Required work » What is needed is an exact transcription of every entry below, with the pictures left out.

===== Dataset content =====

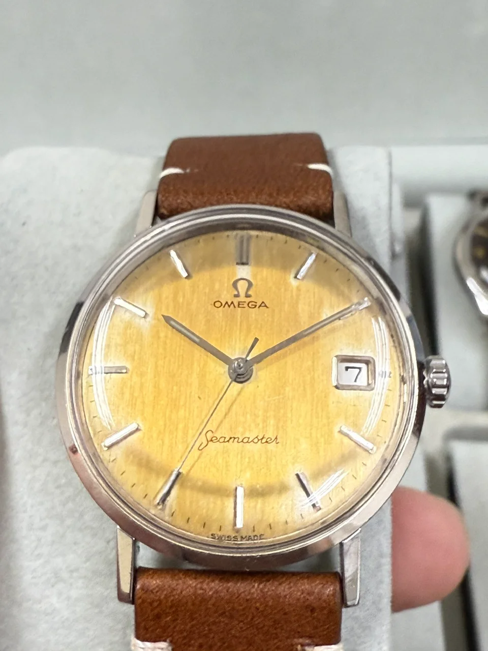 - Dial: Original evenly distributed brown patinated dial; date windown at 3; original hands and hour markers; lume on hour markers has been lost; hanger "Seamaster".
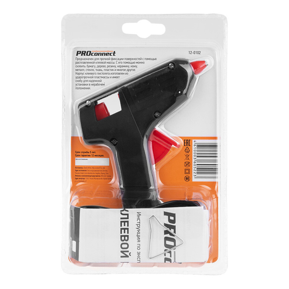 Комплектация: Клеевой пистолет — 1 шт., паспорт — 1 шт., сетевой шнур — 1 шт., блистер.
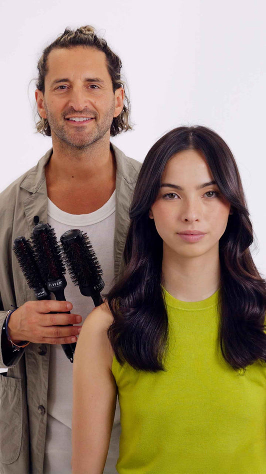 ELEVEN AUSTRALIA Small Round Hair Brush for Blow Drying & Blow Out Styling - Roller Brush for Women & Men, Professional Style Tool for Curling, Magnesium Barrel, Boar & Nylon Bristles
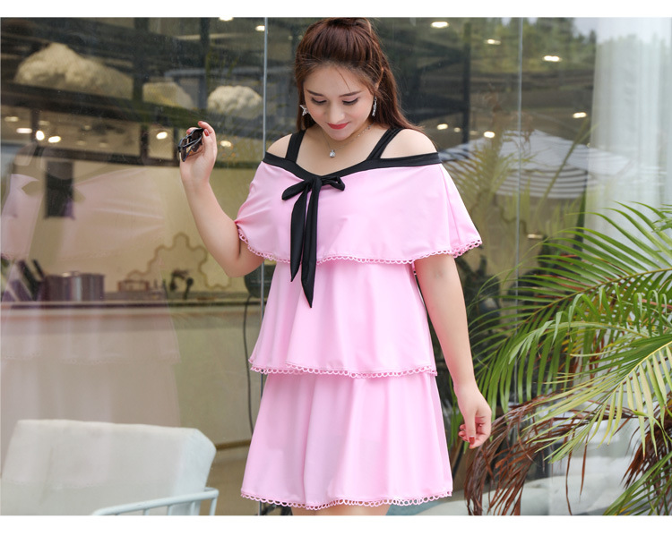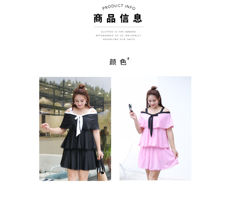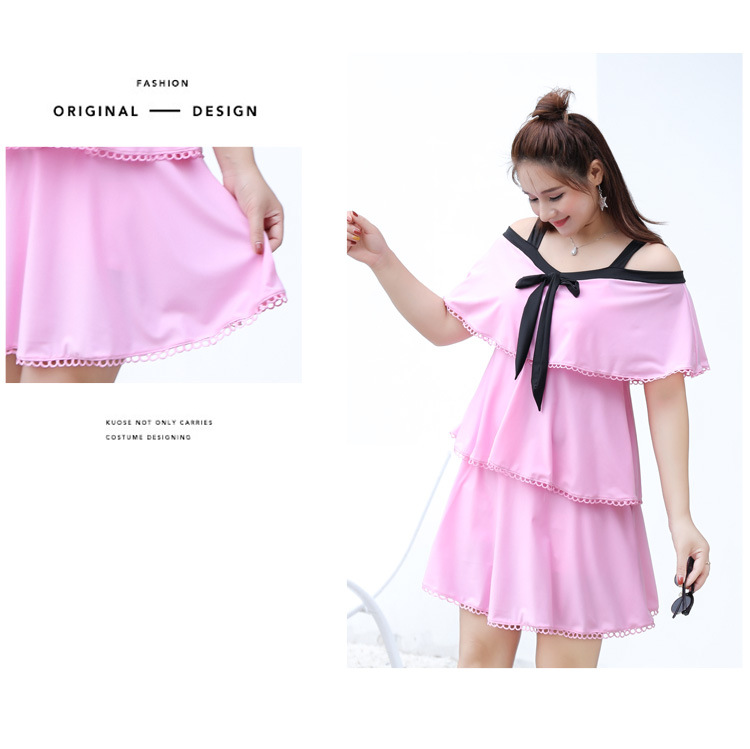 ชุดว่ายน้ำไซส์ใหญ่ 6xlพร้อมส่ง :ชุดว่ายน้ำคนอ้วนสีชมพูแต่งระบายและโบว์ด้านหน้า มีกางเกงขาสั้นใส่ด้านในแบบสวยน่ารักมากๆจ้า
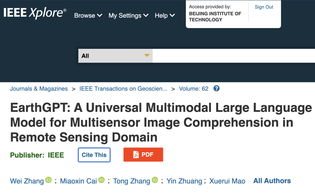 編輯:楊婧 審核:陳棋 閱讀次數(shù):2024年5月,北京理工大學(xué)前沿交叉學(xué)院數(shù)據(jù)流體課題組近日在遙感多模態(tài)大語(yǔ)言模型研究中取得重要進(jìn)展,相關(guān)成果以“EarthGPT: A Universal Multi-modal Large Language Model for Multi-sensor Image Comprehension in Remote Sensing Domain”為題發(fā)表在國(guó)際頂級(jí)期刊《IEEE Transactions on Geoscience and Remote Sensing (TGRS)》上發(fā)表。北京理工大學(xué)為唯一通訊單位,北京理工大學(xué)前沿交叉學(xué)院博士張偉和雷達(dá)技術(shù)研究院博士蔡妙鑫為共同第一作者,毛雪瑞教授為通訊作者。

=====

Response to the task »
 - Dial: Original evenly distributed brown patinated dial; date windown at 3; original hands and hour markers; lume on hour markers has been lost; hanger "Seamaster".
 Комплектация: Клеевой пистолет — 1 шт., паспорт — 1 шт., сетевой шнур — 1 шт., блистер.
 ELEVEN AUSTRALIA Small Round Hair Brush for Blow Drying & Blow Out Styling - Roller Brush for Women & Men, Professional Style Tool for Curling, Magnesium Barrel, Boar & Nylon Bristles
 ชุดว่ายน้ำไซส์ใหญ่ 6xlพร้อมส่ง :ชุดว่ายน้ำคนอ้วนสีชมพูแต่งระบายและโบว์ด้านหน้า มีกางเกงขาสั้นใส่ด้านในแบบสวยน่ารักมากๆจ้า
 編輯:楊婧 審核:陳棋 閱讀次數(shù):2024年5月,北京理工大學(xué)前沿交叉學(xué)院數(shù)據(jù)流體課題組近日在遙感多模態(tài)大語(yǔ)言模型研究中取得重要進(jìn)展,相關(guān)成果以“EarthGPT: A Universal Multi-modal Large Language Model for Multi-sensor Image Comprehension in Remote Sensing Domain”為題發(fā)表在國(guó)際頂級(jí)期刊《IEEE Transactions on Geoscience and Remote Sensing (TGRS)》上發(fā)表。北京理工大學(xué)為唯一通訊單位,北京理工大學(xué)前沿交叉學(xué)院博士張偉和雷達(dá)技術(shù)研究院博士蔡妙鑫為共同第一作者,毛雪瑞教授為通訊作者。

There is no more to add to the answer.